> _Exercise_:
Write out word for word each line from the top of the material through the line that has "بحث الفريق أول". Pictures do not go in.

> _Data for analysis_:
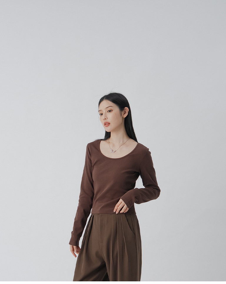 S~L身形實測!分尺寸皺皺木耳邊透膚高領長袖上衣
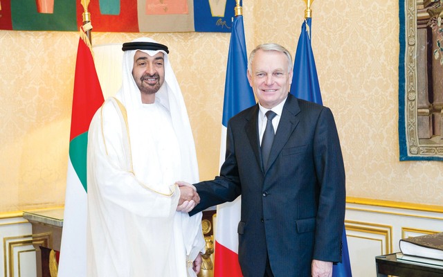 بحث الفريق أول سمو الشيخ محمد بن زايد آل نهيان ولي عهد أبوظبي نائب القائد الأعلى للقوات المسلحة مع رئيس الوزراء الفرنسي جان مارك ايرولت علاقات التعاون بين دولة الإمارات العربية المتحدة و جمهورية فرنسا وسبل تعزيزها في مختلف المجالات تحقيقا للمصالح المشتركة للشعبين والبلدين الصديقين، وقال سمو ولي عهد أبوظبي: "إننا إذ نؤكد أهمية علاقات التعاون الاستراتيجية التي تربط بين الإمارات العربية المتحدة وفرنسا .. لنتطلع إلى مزيد من تطوير أفق هذا التعاون في مختلف المجالات ".
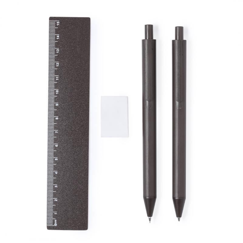 Set de bolígrafo, portaminas y regla, fabricados en fibra de café. Bolígrafo en tinta azul y portaminas con 2 minas incluidas de 0,7mm, ambos con clip. Incluye una práctica regla de 15 cm y útil goma. Presentado en estuche individual de fibra de café. Logotipo fibra de café en la parte superior del bolígrafo y portaminas.La fibra de café es una solución circular que se obtiene de la utilización de los residuos producidos en la obtención del café. Una alternativa sostenible que favorece la reducción del uso de plásticos, ahorrando energía en su proceso de fabricación y contribuyendo al cuidado del medio ambiente.
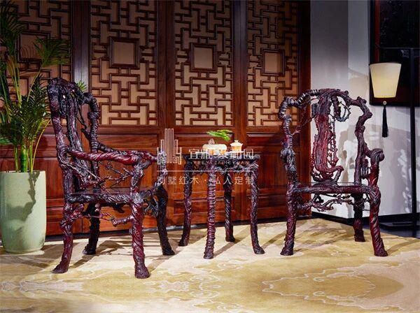 泰和园以“私人定制”为特色,擅长“丝翎檀雕”技法。其《梅兰竹菊》系列紫檀家具,精选优质木料,赋予家具独特的艺术性与生命力。
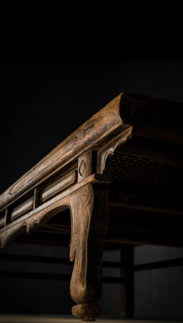 此案平头案样式,夹头榫结构。案面攒框镶板心,冰盘边沿,面下牙条与云纹牙头一木连作,牙条及云纹牙头边沿起阳线。方才腿足,两边起混面压窄边线,前后腿间装方材双横枨。画案造型简洁优雅,做工见究,设计巧妙。案面以木栓栓于横枨,拉开木栓,案面及腿均可拆卸,方便携带,为古人行军、郊游所用,故名。
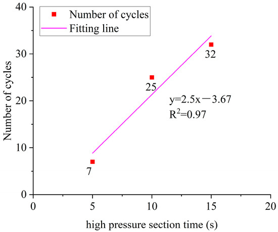 From this, we can get the following understanding: with high-pressure duration decreasing from 15 s to 10 s to 5 s, the cycles required for sample breakdown decreased from 32 to 25 to 7. That is, in this cycle mode, the shorter the high-pressure duration, the fewer the number of cycles required for sample breakdown, the more conducive the sample to the expansion and fracture of test-sample cracks. There was a positive correlation between the high-pressure duration and the cycles required for breakdown, as shown in Figure 8.

> _Your solution_:
 S~L身形實測!分尺寸皺皺木耳邊透膚高領長袖上衣
 بحث الفريق أول سمو الشيخ محمد بن زايد آل نهيان ولي عهد أبوظبي نائب القائد الأعلى للقوات المسلحة مع رئيس الوزراء الفرنسي جان مارك ايرولت علاقات التعاون بين دولة الإمارات العربية المتحدة و جمهورية فرنسا وسبل تعزيزها في مختلف المجالات تحقيقا للمصالح المشتركة للشعبين والبلدين الصديقين، وقال سمو ولي عهد أبوظبي: "إننا إذ نؤكد أهمية علاقات التعاون الاستراتيجية التي تربط بين الإمارات العربية المتحدة وفرنسا .. لنتطلع إلى مزيد من تطوير أفق هذا التعاون في مختلف المجالات ".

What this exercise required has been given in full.